**WORK INSTRUCTIONS**
From the entries below, return only the lines starting at the one that contains "The Coordination Mechanism" and ending at the one that contains "The Inga III", exactly as they stand.

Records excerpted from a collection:
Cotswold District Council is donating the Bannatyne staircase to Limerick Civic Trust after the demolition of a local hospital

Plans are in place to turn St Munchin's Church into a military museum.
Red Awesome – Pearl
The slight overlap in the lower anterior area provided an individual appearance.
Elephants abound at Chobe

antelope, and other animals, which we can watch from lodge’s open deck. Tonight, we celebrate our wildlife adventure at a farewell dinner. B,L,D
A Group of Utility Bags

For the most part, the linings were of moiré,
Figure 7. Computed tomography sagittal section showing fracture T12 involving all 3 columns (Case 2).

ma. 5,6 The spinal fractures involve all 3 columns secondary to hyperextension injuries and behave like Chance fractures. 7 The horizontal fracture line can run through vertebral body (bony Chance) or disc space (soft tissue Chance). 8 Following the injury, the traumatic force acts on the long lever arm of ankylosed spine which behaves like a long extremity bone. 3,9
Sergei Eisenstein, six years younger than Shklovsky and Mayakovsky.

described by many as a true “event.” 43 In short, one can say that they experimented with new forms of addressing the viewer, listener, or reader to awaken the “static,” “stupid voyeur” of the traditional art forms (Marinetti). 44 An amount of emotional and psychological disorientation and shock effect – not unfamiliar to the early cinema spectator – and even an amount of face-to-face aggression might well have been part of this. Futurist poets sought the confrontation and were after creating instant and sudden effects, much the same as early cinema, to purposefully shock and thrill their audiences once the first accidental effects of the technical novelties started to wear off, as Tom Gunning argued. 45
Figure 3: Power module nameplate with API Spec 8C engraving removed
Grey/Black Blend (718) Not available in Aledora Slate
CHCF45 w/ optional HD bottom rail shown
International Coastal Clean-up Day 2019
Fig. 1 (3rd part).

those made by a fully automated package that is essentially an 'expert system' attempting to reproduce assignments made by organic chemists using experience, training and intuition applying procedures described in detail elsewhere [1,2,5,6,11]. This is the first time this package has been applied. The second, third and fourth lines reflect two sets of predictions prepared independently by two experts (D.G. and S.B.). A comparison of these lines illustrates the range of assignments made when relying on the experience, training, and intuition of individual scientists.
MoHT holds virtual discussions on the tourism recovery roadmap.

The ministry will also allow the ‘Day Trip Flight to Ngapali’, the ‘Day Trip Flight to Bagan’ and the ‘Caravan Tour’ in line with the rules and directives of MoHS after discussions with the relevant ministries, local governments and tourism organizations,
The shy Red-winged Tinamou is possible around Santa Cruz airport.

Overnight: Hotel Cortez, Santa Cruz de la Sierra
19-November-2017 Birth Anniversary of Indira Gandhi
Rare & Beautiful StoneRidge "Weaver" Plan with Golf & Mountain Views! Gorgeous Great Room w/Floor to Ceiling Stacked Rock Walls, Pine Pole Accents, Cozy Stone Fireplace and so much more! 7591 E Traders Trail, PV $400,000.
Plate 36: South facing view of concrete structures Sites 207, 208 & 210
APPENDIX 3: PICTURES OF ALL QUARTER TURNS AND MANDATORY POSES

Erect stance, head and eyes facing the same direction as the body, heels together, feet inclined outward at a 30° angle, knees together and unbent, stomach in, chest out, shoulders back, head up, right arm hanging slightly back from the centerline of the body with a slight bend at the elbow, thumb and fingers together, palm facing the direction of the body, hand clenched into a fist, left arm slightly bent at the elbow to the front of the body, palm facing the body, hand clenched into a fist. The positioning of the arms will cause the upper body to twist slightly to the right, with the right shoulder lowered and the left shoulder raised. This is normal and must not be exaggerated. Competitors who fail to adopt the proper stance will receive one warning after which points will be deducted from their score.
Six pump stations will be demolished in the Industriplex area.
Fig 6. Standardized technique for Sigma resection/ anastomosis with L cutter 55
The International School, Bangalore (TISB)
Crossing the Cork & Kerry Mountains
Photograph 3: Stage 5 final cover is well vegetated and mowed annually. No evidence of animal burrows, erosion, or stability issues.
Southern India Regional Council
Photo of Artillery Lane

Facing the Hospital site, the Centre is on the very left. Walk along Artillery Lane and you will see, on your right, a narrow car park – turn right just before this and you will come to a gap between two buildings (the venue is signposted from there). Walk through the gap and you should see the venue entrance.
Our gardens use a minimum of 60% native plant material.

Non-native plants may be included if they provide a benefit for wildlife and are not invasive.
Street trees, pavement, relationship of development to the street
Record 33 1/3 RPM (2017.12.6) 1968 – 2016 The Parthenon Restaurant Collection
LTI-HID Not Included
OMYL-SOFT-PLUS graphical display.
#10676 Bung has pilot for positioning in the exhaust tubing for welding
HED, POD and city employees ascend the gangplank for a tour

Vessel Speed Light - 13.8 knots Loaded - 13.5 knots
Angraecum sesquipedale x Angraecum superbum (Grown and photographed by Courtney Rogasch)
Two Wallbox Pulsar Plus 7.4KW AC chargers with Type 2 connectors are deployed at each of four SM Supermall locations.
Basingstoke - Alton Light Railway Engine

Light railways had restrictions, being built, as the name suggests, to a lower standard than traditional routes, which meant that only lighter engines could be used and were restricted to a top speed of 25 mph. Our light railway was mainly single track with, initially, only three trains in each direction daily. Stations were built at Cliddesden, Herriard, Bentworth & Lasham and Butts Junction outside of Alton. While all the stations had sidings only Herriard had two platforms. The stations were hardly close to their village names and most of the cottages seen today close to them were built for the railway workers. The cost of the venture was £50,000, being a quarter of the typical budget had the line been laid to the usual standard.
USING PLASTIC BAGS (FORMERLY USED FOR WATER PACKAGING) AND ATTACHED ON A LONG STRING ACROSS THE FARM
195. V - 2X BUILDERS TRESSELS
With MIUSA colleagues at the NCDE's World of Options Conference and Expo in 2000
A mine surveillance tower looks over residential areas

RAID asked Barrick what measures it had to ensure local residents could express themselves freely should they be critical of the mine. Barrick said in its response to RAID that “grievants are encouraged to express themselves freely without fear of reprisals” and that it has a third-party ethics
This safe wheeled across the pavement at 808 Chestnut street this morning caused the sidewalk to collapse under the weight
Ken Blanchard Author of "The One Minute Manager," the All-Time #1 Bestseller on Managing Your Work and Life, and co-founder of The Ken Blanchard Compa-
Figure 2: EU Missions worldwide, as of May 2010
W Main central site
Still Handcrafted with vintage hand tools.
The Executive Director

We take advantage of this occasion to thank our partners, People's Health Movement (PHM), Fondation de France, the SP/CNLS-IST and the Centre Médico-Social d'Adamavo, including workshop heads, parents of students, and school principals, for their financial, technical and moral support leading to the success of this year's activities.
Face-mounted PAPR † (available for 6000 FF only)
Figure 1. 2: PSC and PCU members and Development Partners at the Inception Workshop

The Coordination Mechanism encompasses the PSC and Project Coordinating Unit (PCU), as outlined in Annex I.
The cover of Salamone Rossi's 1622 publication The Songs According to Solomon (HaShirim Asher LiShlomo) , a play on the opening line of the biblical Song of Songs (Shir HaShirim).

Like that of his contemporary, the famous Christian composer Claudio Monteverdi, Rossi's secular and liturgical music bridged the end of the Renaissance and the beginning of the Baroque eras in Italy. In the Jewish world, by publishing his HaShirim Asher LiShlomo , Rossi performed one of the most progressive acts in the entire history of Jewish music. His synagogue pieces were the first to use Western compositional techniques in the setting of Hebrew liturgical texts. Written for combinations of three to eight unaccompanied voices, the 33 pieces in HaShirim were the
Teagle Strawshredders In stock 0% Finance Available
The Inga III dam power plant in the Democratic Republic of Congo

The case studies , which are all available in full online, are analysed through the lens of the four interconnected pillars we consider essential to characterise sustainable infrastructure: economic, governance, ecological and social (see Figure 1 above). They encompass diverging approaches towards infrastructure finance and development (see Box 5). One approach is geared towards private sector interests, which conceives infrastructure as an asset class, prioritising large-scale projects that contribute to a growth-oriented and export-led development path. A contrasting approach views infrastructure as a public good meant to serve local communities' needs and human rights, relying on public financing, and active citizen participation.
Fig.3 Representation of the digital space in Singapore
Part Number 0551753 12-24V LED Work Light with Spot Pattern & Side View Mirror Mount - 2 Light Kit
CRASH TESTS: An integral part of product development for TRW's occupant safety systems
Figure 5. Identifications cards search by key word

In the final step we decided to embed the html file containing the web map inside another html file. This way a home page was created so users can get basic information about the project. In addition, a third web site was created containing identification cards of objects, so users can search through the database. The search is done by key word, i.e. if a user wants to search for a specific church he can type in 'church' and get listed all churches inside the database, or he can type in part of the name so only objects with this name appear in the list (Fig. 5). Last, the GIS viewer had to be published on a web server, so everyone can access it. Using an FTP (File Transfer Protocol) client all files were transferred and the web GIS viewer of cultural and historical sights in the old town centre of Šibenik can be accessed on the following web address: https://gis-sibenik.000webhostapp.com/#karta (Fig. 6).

**WRITTEN SOLUTION**
The Coordination Mechanism encompasses the PSC and Project Coordinating Unit (PCU), as outlined in Annex I.
The cover of Salamone Rossi's 1622 publication The Songs According to Solomon (HaShirim Asher LiShlomo) , a play on the opening line of the biblical Song of Songs (Shir HaShirim).

Like that of his contemporary, the famous Christian composer Claudio Monteverdi, Rossi's secular and liturgical music bridged the end of the Renaissance and the beginning of the Baroque eras in Italy. In the Jewish world, by publishing his HaShirim Asher LiShlomo , Rossi performed one of the most progressive acts in the entire history of Jewish music. His synagogue pieces were the first to use Western compositional techniques in the setting of Hebrew liturgical texts. Written for combinations of three to eight unaccompanied voices, the 33 pieces in HaShirim were the
Teagle Strawshredders In stock 0% Finance Available
The Inga III dam power plant in the Democratic Republic of Congo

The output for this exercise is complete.